背景技术Background technique
当前,纸质文件所记载的流程信息,如果采用人工输入至计算机,则效率较低,因此图像识别是一种常见的解决方案。其中,OCR(Optical Character Recognition,光学字符识别)是指电子设备检查纸上打印的字符,通过检测暗、亮的模式确定其形状,然后用字符识别方法将形状翻译成计算机数据的过程。是针对印刷体字符,采用光学的方式将纸质文档中的文字转换成为黑白点阵的图像文件,并通过识别软件将图像中的文字转换成文本格式,供文字处理软件进一步编辑加工的技术。衡量一个OCR系统性能好坏的主要指标有:拒识率、误识率、识别速度、产品的稳定性、易用性等。RPA数字员工将传统字符识别与机器学习进行深度融合,可以从非标准文档中解析数据,有助于将手写文本字符转换为机器可读的格式。多数情况下,OCR主要用于简化纸质业务并将其转化成数字化业务,例如:PDF、扫描文件、纸质发票、传真和手写文档等。At present, if the process information recorded in paper documents is manually entered into the computer, the efficiency is low, so image recognition is a common solution. Among them, OCR (Optical Character Recognition, Optical Character Recognition) refers to the process in which electronic equipment checks characters printed on paper, determines their shapes by detecting dark and bright patterns, and then uses character recognition methods to translate the shapes into computer data. For printed characters, the text in the paper document is optically converted into a black and white dot matrix image file, and the text in the image is converted into a text format by the recognition software for further editing and processing by the word processing software. The main indicators to measure the performance of an OCR system are: rejection rate, false recognition rate, recognition speed, product stability, ease of use, etc. RPA digital workers deeply integrate traditional character recognition with machine learning, can parse data from non-standard documents, and help convert handwritten text characters into machine-readable formats. In most cases, OCR is mainly used to simplify paper business and convert it into digital business, such as: PDF, scanned documents, paper invoices, fax and handwritten documents, etc.
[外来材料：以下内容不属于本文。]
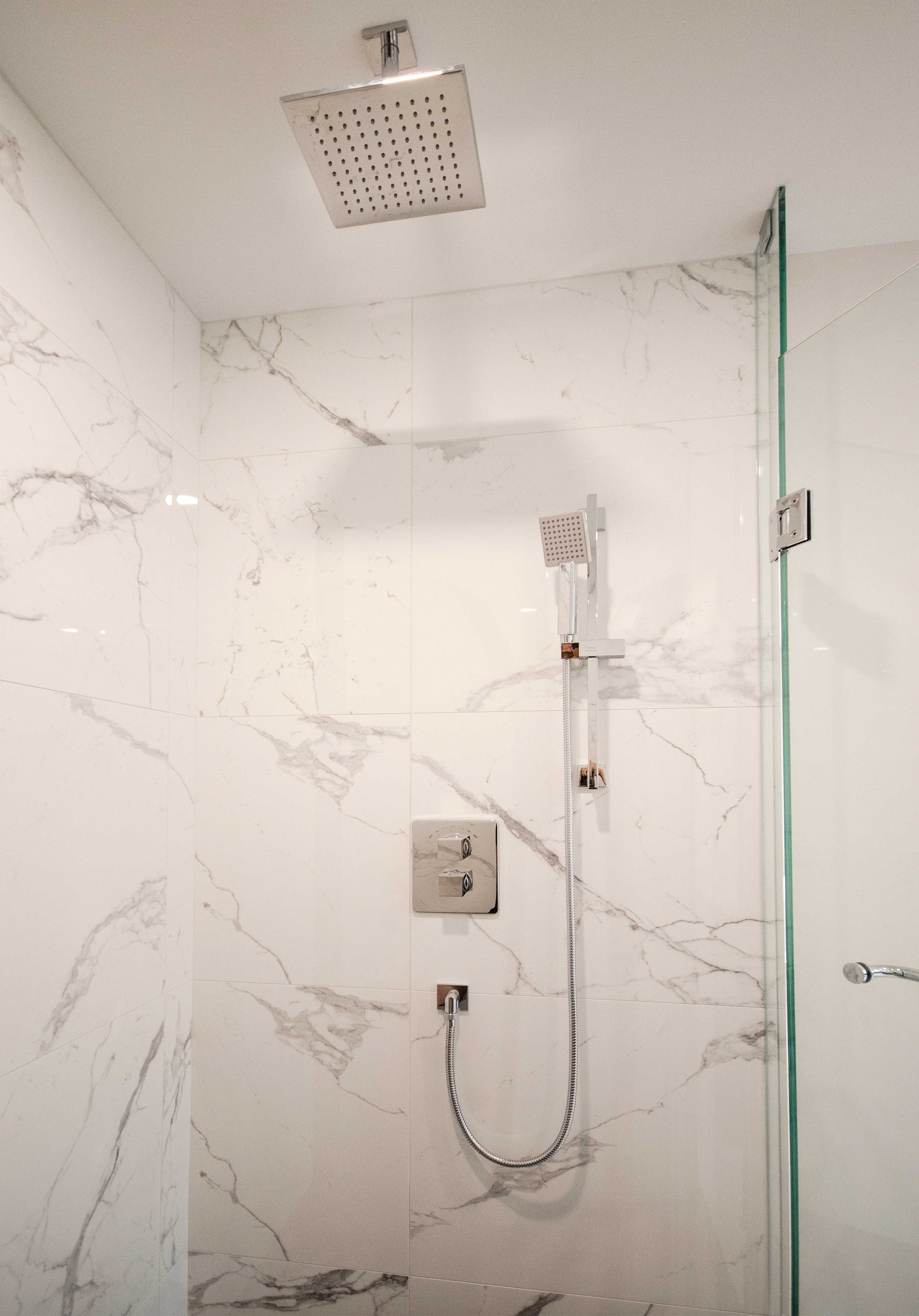 - Curbless walk-in shower

但对于纸质文件的识别来说,由于文件摆放可能不整齐或角度不对正,可能实际拍摄到的字符方向会出现变化,同时个别文件包含表格或流程图,常规的字符方向判断无法使用,因此现有技术针对这一问题,特别是角度差距较大时,会出现难以准确识别的情况。But for the identification of paper documents, because the documents may not be neatly placed or the angles are not aligned, the direction of the characters actually photographed may change. At the same time, some documents contain tables or flow charts, and the conventional character direction judgment cannot be used. Therefore, the prior art aims at this problem, especially when the angle difference is large, it may be difficult to identify accurately.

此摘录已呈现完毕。